Speculation of price hikes for Greeks’ beloved souvlaki/gyros causes outcry, social media frenzy
The recent international rally in meat prices, emanating from the devastating effects of African swine fever disease in China – the world’s biggest producer and consumer of pork – has touched a “raw nerve” in Greece, and specifically on a fast food mainstay considered the “sacred cow” of popular culinary culture: the ubiquitous souvlaki or gyro.
Souvlaki is, essentially, “meat on a stick” packed into a flour pita-bread, along with other assorted ingredients, such as tomatoes, onions, French fries and the garlic-yogurt flavored spread “tzatziki”, among others, and depending on one’s tastes. Gyro, conversely, is thin strips cut from packed meat revolving on a vertical rotisserie. In both cases, the preferred meat in Greece for souvlaki (souvlakia in the plural) is pork, and to a lesser extent, chicken. The “doner” variety, widely popular in Turkey and the Near East, uses lamb and beef.
The ripples from the mass culling of animals in China’s pig farms were directly felt in Greece over recent days with widespread speculation of price hikes, following one high-profile estimate of a single souvlaki reaching three euros.
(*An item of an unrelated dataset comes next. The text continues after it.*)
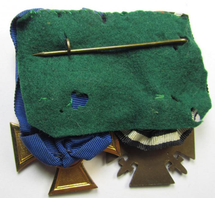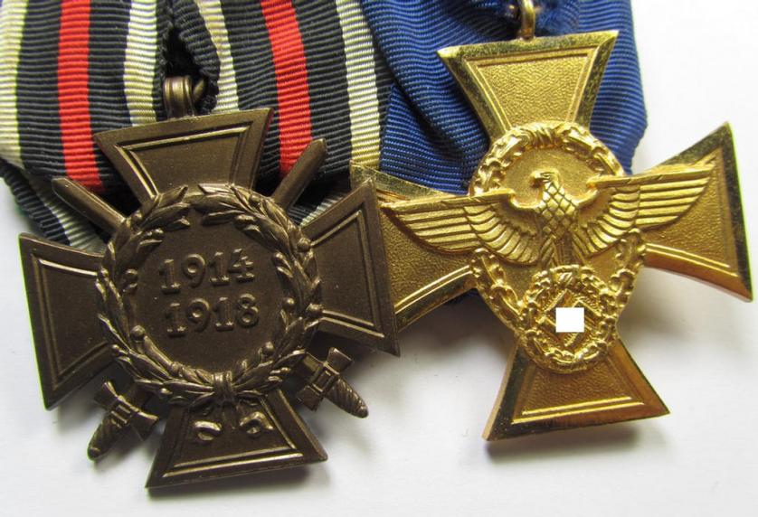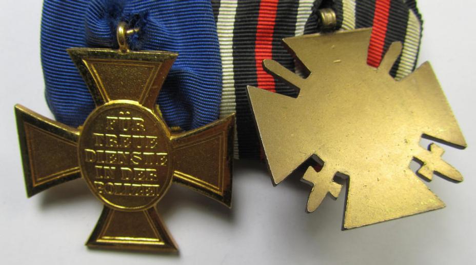 Two-pieced medal-bar (ie. 'Doppelspange') respectively depicting a WWI-period: 'Frontkämpferkreuz 1914-18' (ie.: 'Kriegsteilnehmerkreuz mit Schwerter') and a detailed: 'Polizei-Dienstauszeichnung 1. Stufe'

The speculation even generated a preliminary probe by the country’s competition commission into charges of profiteering at the wholesale meat sector, and prospect of cartel-like agreement for a higher price by relevant businesses, i.e. grill houses, which in Greece number in the thousands and are found in practically every neighborhood.
An “avalanche” of social media attention, followed by press reports, came with the appearance of a representative of a fledging association of grill house owners, who told the Skai television station that price hikes of between 10 to 15 percent were pending. The self-described representative for the specific variety of fast food eateries, Giorgos Polyzos, said meat prices have already increased by 30 percent, a figure he said business owners could not fully absorb.
In response to the subsequent outcry, the president of the country’s restaurant federation, Giorgos Kavvathas, took to the radio this week to deny that such a price hike is in store for Greeks’ beloved souvlaki.
“You can’t speak of an increase from 2.20 euros (the current rate) to three euros. I can see an increase of 10 to 20 cents in the price of meat,” he said, adding:
“An under-establishment (sector) association instead of coming out and decrying (high) VAT rates says that, as of May 1, the price of souvlaki will increase… No one knows if we’ll see a price hike in the cost of meat at that time. It seems strange to me.”